Bisher hatte ich noch keinen Verdachtsfall. Ich würde aber behaupten, dass wir Lehrer ziemlich schnell erkennen, ob es sich um eine eigene Leistung handelt oder nicht. Wir können das Leistungsvermögen unserer Schüler durch die Mitarbeit im Unterricht und die Klausuren sehr gut einschätzen – Diskrepanzen fallen da schnell auf. In meinen Fächern sehe ich ohnehin kaum Spielraum für den Einsatz von ChatGPT für Hausaufgaben. Die beziehen sich in der Regel auf Materialien mit Texten und Grafiken und damit kann man die KI noch nicht so einfach füttern. Bei simplen Definitionsaufgaben ist das vielleicht etwas anderes. Aber die fallen bei uns nicht groß ins Gewicht.

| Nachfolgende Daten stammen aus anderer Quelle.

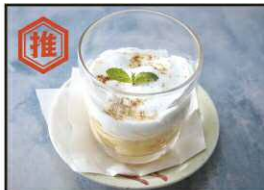
Soft snow thawing pudding 299 (税込 328)

In welcher Weise könnte ChatGPT in Ihren Fächern nützlich sein?
Das ist eine schwierige Frage, da die Anwendungsbereiche unglaublich umfassend und viele Fragen für uns Lehrer noch ungeklärt sind. Einen möglichen Nutzen sehe ich vor allem dort, wo die Schüler im Dialog mit der KI stehen und ihre Prompts, also ihre Anfragen, immer präziser formulieren müssen, um zum Ziel zu kommen. In diesem Prozess findet dann das Lernen statt. Im Fach Biologie wäre etwa denkbar, Experimente zunächst hypothetisch zu entwickeln oder gar einen Versuchsablauf zu modellieren. Im Fach Deutsch fände ich es zum Beispiel spannend, gezielt Dialoge eines Roman- oder Dramenausschnitts von der KI interpretieren zu lassen und die Plausibilität der Begründungen mit den Schülern zu diskutieren. Kann eine KI Ironie erfassen? Wieviel Kontext braucht sie dafür? Diese Fragen zu beantworten, wäre auch für das eigene Verständnis literarischer Texte durchaus nützlich.
Wird ChatGPT die Schule grundlegend verändern, wie manche vorhersagen?
Nein, das glaube ich nicht, jedenfalls nicht in den klassischen Schulfächern. Im Informatik-Unterricht dürfte das anders sein. Was sicher unberührt durch die neue Technik bleibt, ist unser Auftrag als Lehrer: Wir sollen junge Menschen zum selbstständigen Lernen erziehen und Wissen vermitteln. ChatGPT kann dabei möglicherweise helfen und den Unterricht bereichern, vor allem in der Oberstufe.